TAC general secretary, Anele Yawa, warned officials that if they continue to ignore calls for better services, communities would be mobilized to action. “In the event they fail to respond, let’s come in huge numbers and occupy all offices of the Department of Health around the country,” he said.

Yawa told the picketers: “MEC [for Health Sindiswa] Gomba is incompetent for that job. She wants to buy scooters in place of ambulances yet there is a huge fleet of ambulances parked at hospitals that need to be repaired. Why can’t she use the money to fix those ambulances?”

Lakhe Kona, chairperson of the Laetitia Bam Day Hospital in KwaNobuhle, Uitenhage, said patients were being given medication at clinics through the fence.

“Many patients go home without getting their medication. Some patients have already defaulted. Others are sharing the same medication because nurses are afraid of contracting Covid-19. They are reluctant to perform their duties without sufficient personal protective equipment,” said Kona.

Thokozile Mtsolongo, coordinator for the Eastern Cape Health Crisis Action Coalition, accused the department of failing to consult the Coalition before implementing policies.

“The problems of the Eastern Cape health system are multi-faceted.
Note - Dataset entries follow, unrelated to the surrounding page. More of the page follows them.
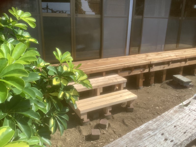 濡れ縁側を 木製で作りました。廊下の延長です。民家から三河湾を眺められます。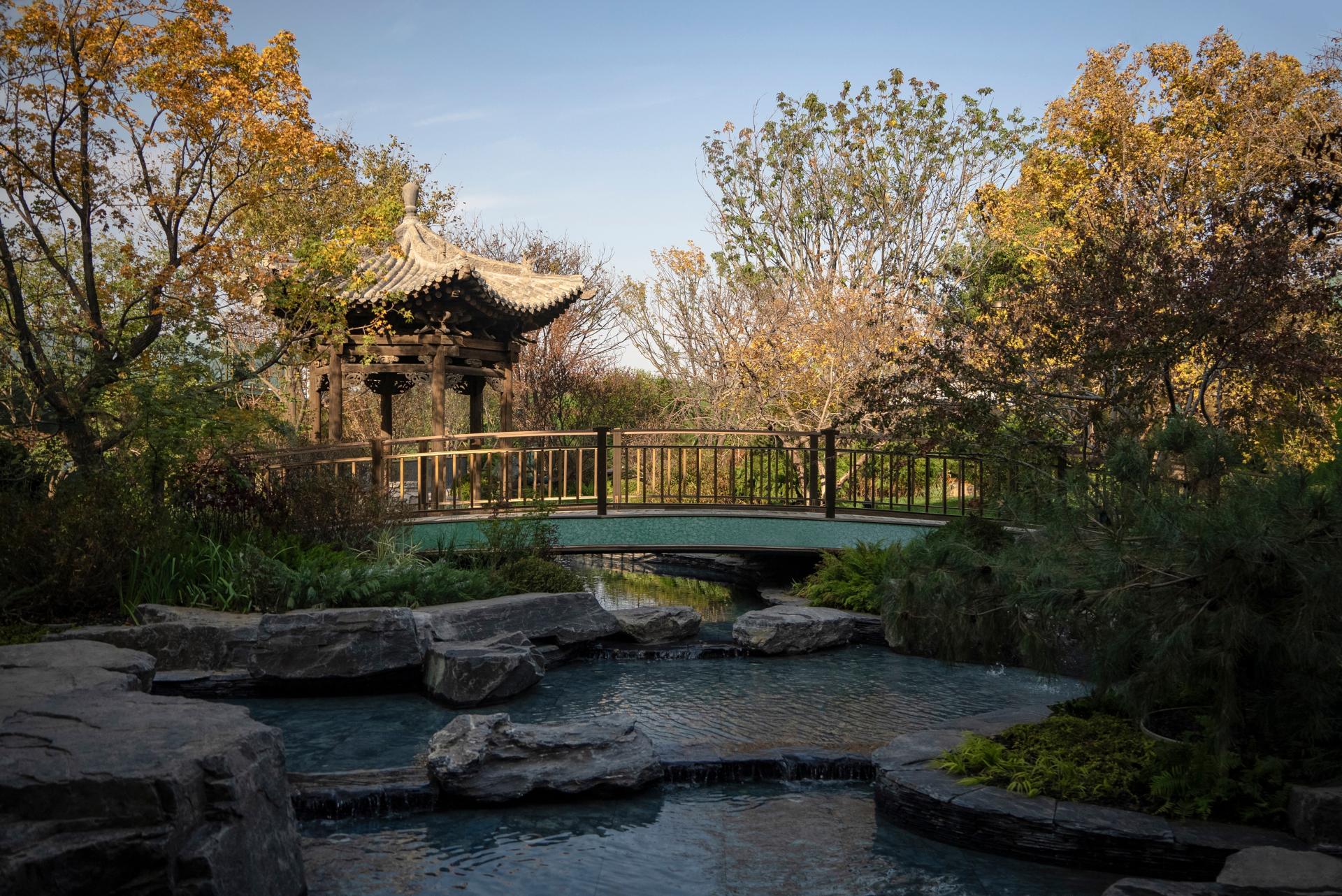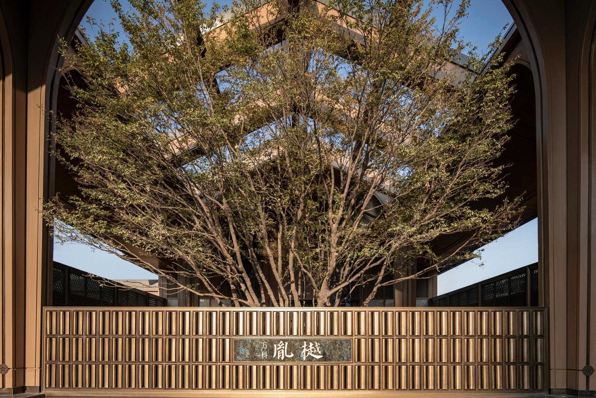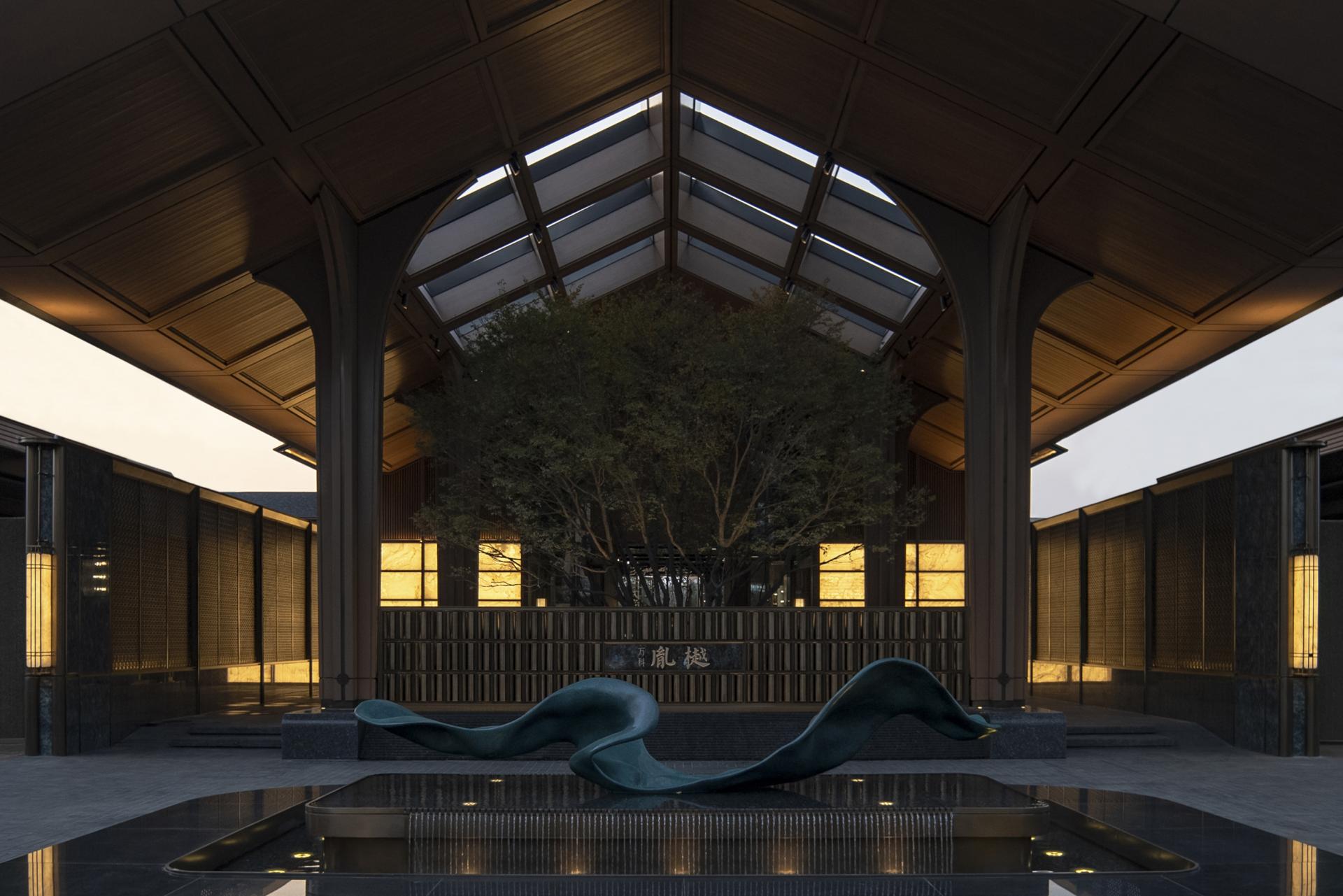 Under the eaves, four ginkgo trees and jade Ruyi sculptures bring a vertical sense of hierarchy and landscape control to the entire space. Jade Ruyi as a symbol of traditional culture, the choice of ginkgo is more unique, not only echoes the ginkgo of Shengjing Palace, its "silver" word is also "Yin", Yue is the shade, as if the image of Yin Yue is in front of you, showing the trend of welcoming guests, against the Yin Yue's charm style.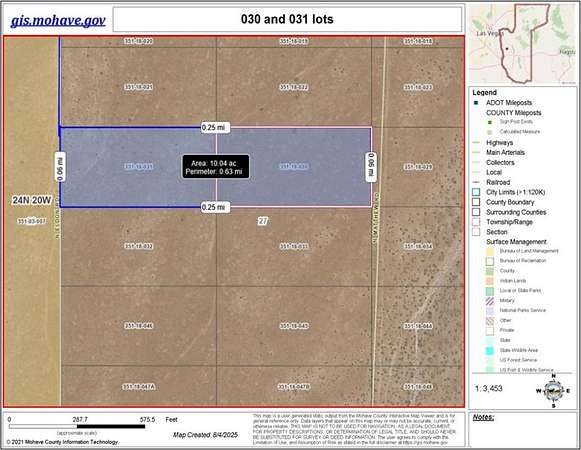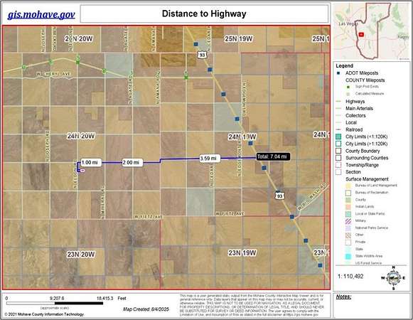 From US Hwy 93, turn west on 21st Street (Reynolds Ave). Continue approx. 7 miles to Eldon Rd. Go left approx 0.5 mile. Parcels are located on the left near GPS coordinates 35.44237 degrees N, -114.411827 degrees W. Use high-clearance vehicle for dirt road travel. Recommend using GPS or parcel map for accurate navigation.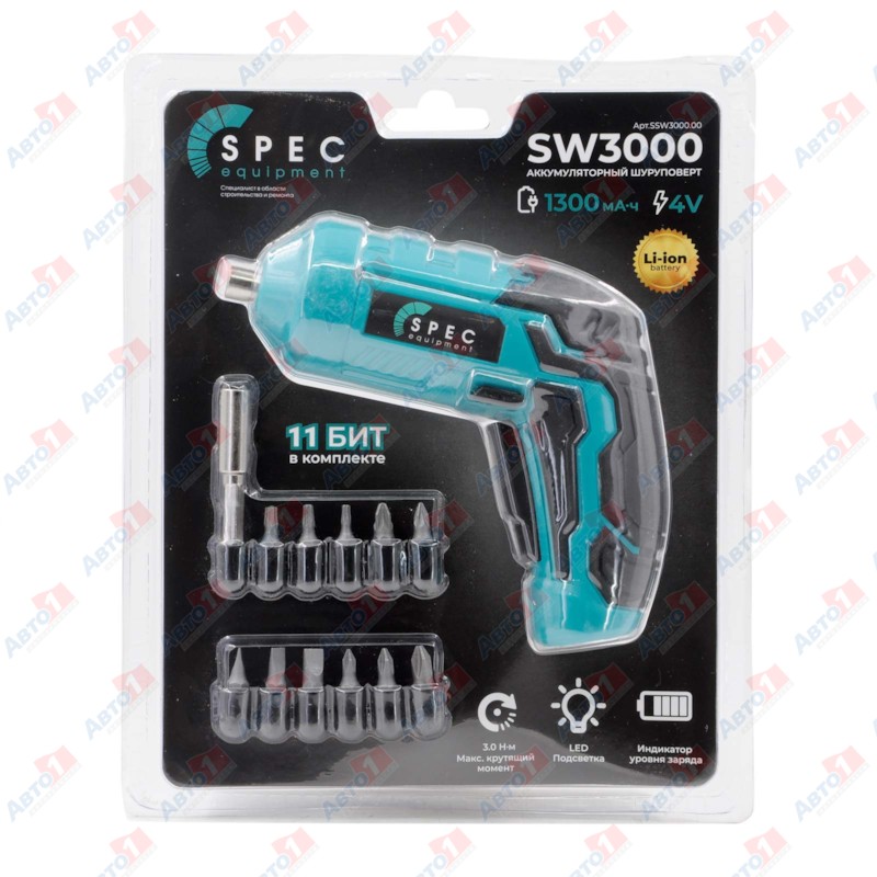 Spec SSW3000.00 Шуруповерт аккумуляторный(отв-ка)SPEC SW3000(4В,1 акк,1,3А/ч Li-ion,3Нм,шур.до 4мм,11 бит в компл.)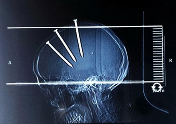 Çivilerin başları açıkça dışarıdan bile görünürken doktorlar Çinli adamın röntgenini çekti ve 3 koca çivi ile karşılaştı...
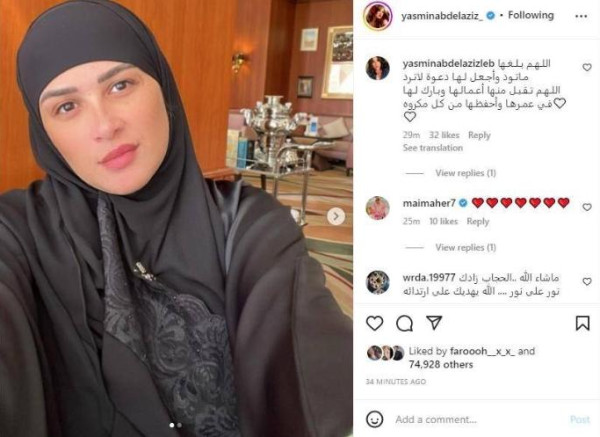 أطلت الفنانة المصرية ياسمين عبد العزيز على جمهورها بصورة جديدة لها على حسابها على مواقع تبادل الصور "إنستغرام"، ظهرت فيها وهي ترتدي عباءة سوداء والحجاب أثناء تأديتها مناسك العمرة في الأراضي المقدسة.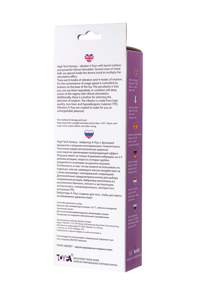 High-Tech fantasy - вибратор A-Toys с функцией вращения и мощным клиторальным стимулятором. Несколько рядов металлических шариков многократно увеличивают возбуждающий эффект. Игрушка имеет не только 8 режимов вибрации, но и 4 режима ротации, скорость которых удобно управляется кнопками на рукояти игрушки. Особенность в том, что вы можете использовать их отдельно, или же совмещать мягкое воздействия на стенки влагалища с клиторальной стимуляцией. Дополнительно предусмотрена кнопка для выбора направления ротации. Рабочая длина - 11,2 см.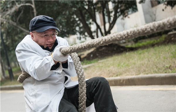 精彩的是半决赛,一四病区联队与配镜中心队,两队实力几乎不分上下,比赛中,挂在中间的红线铁锤在中线一动不动,红绳僵持一分多钟!经过数分钟艰苦对峙,一四病区联队获胜。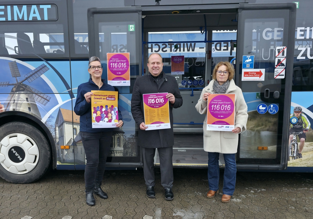 Helmstedt. Gewalt gegen Frauen ist in Deutschland nach wie vor alltäglich: Jede dritte Frau erlebt im Laufe ihres Lebens körperliche, psychische oder sexuelle Gewalt – zu Hause, in der Öffentlichkeit oder im digitalen Raum. Um das Bewusstsein dafür zu schärfen und betroffenen Frauen Hilfsangebote bekannter zu machen, starten der Landkreis Helmstedt und die KVG Braunschweig eine gemeinsame Mitmachaktion des Hilfetelefons „Gewalt gegen Frauen“.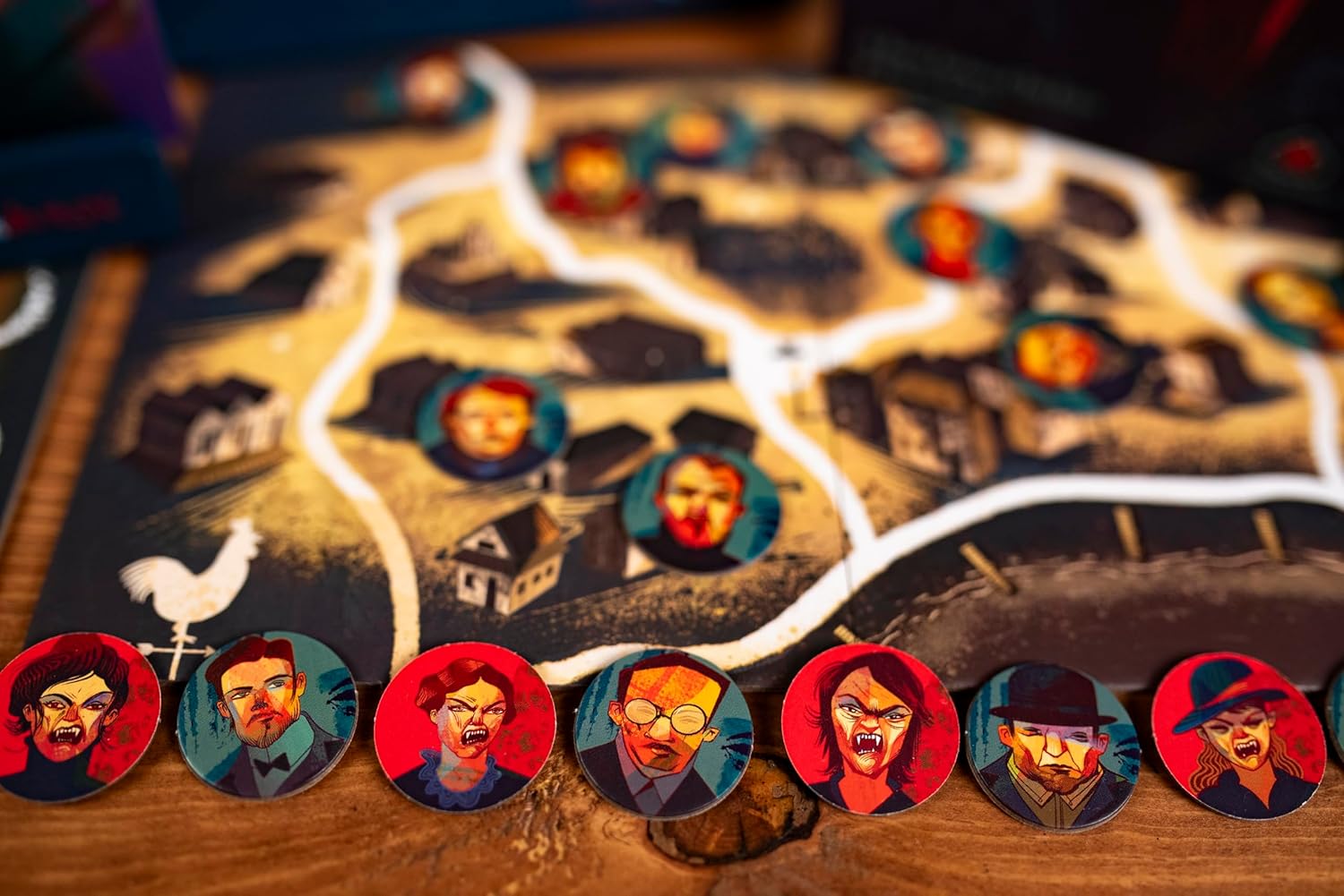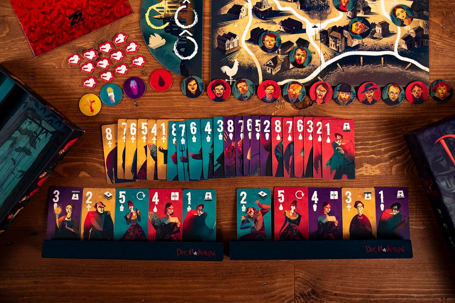 The game ends when Dracula turns four humans in the same district, or Van Helsing removes all of Dracula’s health points.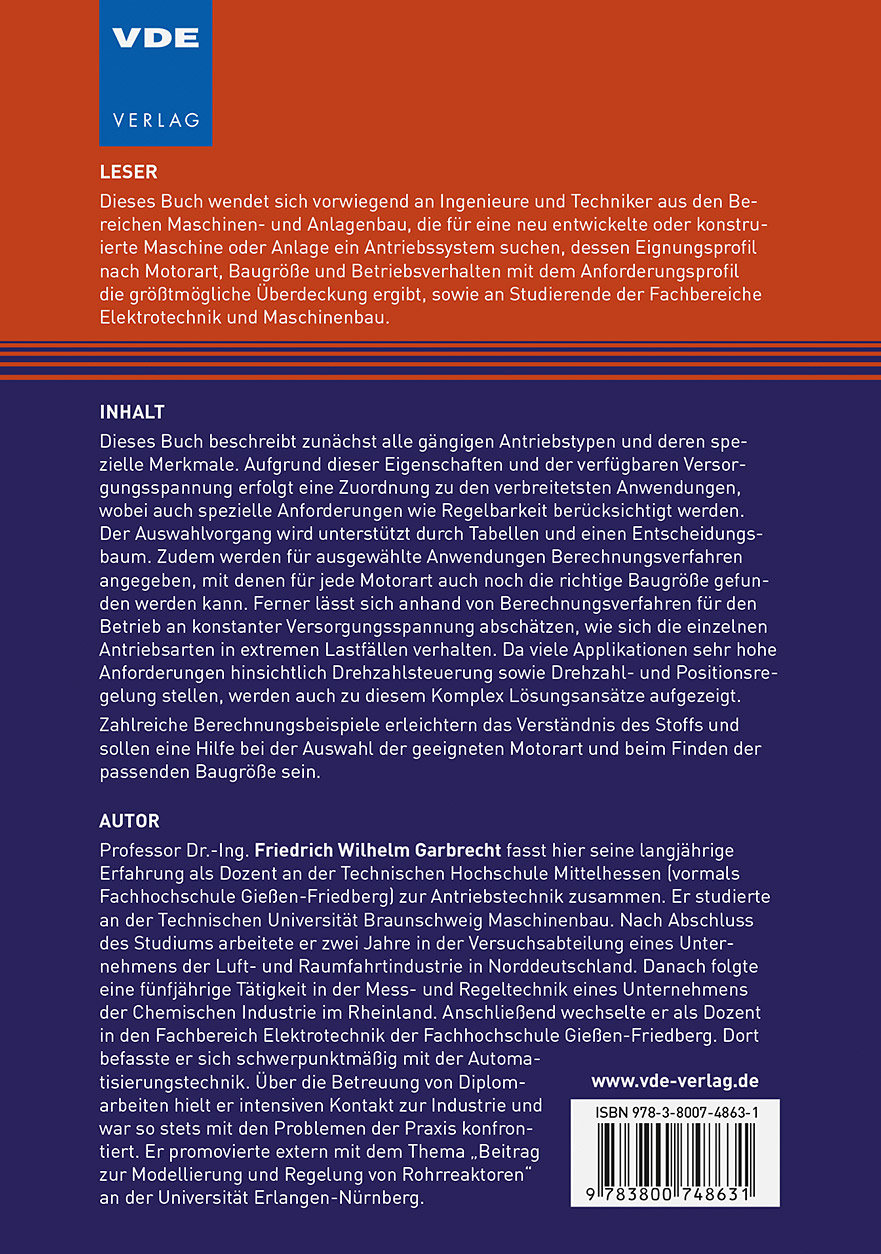 Prof. Dr.-Ing. Friedrich Wilhelm Garbrecht fasst hier seine langjährige Erfahrung als Dozent an der Technischen Hochschule Mittelhessen (vormals Fachhochschule Gießen-Friedberg) zu Elektromotoren zusammen. Weitere Schwerpunkte seiner Tätigkeit waren Regelungstechnik und Elektronik.

There is an acute shortage of staff from the cleaners right up to doctors. Staff are working under life threatening conditions where chances of contracting Covid-19 are very high,” Mtsolongo said.

“Minister Zweli Mkhize recently promised that there will be sufficient supply of oxygen in hospitals but we hear that nothing has improved. The government should have planned this long before the outbreak of the Coronavirus pandemic. We have been trying to get access to the department’s planning discussions but our efforts have been unsuccessful.”

The petition was handed over to deputy director general Dr Litha Matiwane who promised to raise the matter with MEC Gomba.

Dr Matiwane said: “We heard your grievances. We also heard about the challenges faced by patients at Laetitia Bam Day Hospital. We will process the response in seven days.”